Remember, this is the KEYSTONE Democrat agenda item. If they could not have moved the bill out of committee and onto the floor for debate, it would have been a monumental failure for the party. If there is any real surprise here, it is the difficulty in getting the votes to move it to debate. What should have been a slam dunk, has been rife with problems and controversy. Certainly, there is more to come!
 
The only reason it made it to the floor is the democrats bribed Landrieu with 300 million in pork for her state. Good job guys. Really gives the public reason to trust you.
 
yep the senate voted to debate health care

watch the amendments fly...and the delays by the gop

it makes me wonder who was promised what and what remains to be promised to get it passed
Well remember what John McCain said. Two things you never want to see made are laws and sausages. I can vouch for the later and the former appears to be even more disgusting.
 
Bipartisanship is not possible in the current enviornment. The Democrats want universal healthcare and the Republicans want to abolish all regulations on insurance companies. There's no common ground there, and any bill that attempted to would be ridiculous.
 
Why do we bother?

The Republicans are going to hate us afterwards anyway and are going to abolish the filibuster at their first oppurtunity. We should have used reconcilliation instead of deals.
 
Bipartisanship is not possible in the current enviornment. The Democrats want universal healthcare and the Republicans want to abolish all regulations on insurance companies. There's no common ground there, and any bill that attempted to would be ridiculous.

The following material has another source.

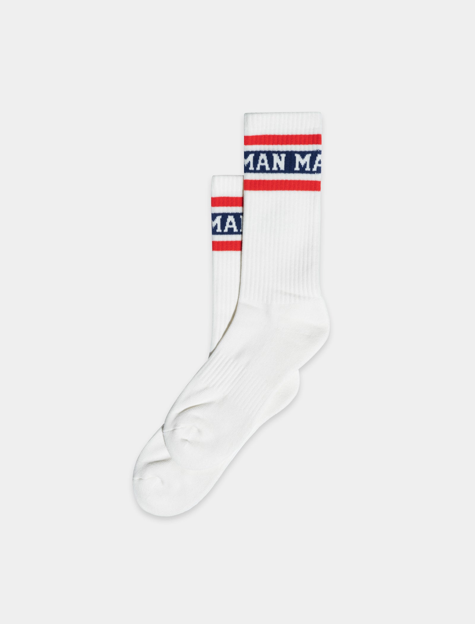 Ribbed knit socks. Jacquard striped logo at the collar. Calf-length.

that's because you both are anti american and abhor individual rights and freedom.
 
wait a sec, landrieus vote wasn't bought for 300 mill, just because she says it wasn't?

Yes, it has been proclaimed a myth and debunked because a liberal pinhead said so! Don't you understand how this works? Liberals are so much smarter than the rest of us knuckledraggers, they get to claim things are myth and debunk them without anything more than their word. The reasoning behind this is, if it were not a debunked myth, the intellectually superior liberal would certainly know it! So obviously, because they say it is a myth, it must be!
 
Bipartisanship is not possible in the current enviornment. The Democrats want universal healthcare and the Republicans want to abolish all regulations on insurance companies. There's no common ground there, and any bill that attempted to would be ridiculous.

democrats get universal healthcare for themselves only, and they are the only ones that get taxed the necessary amount to support it.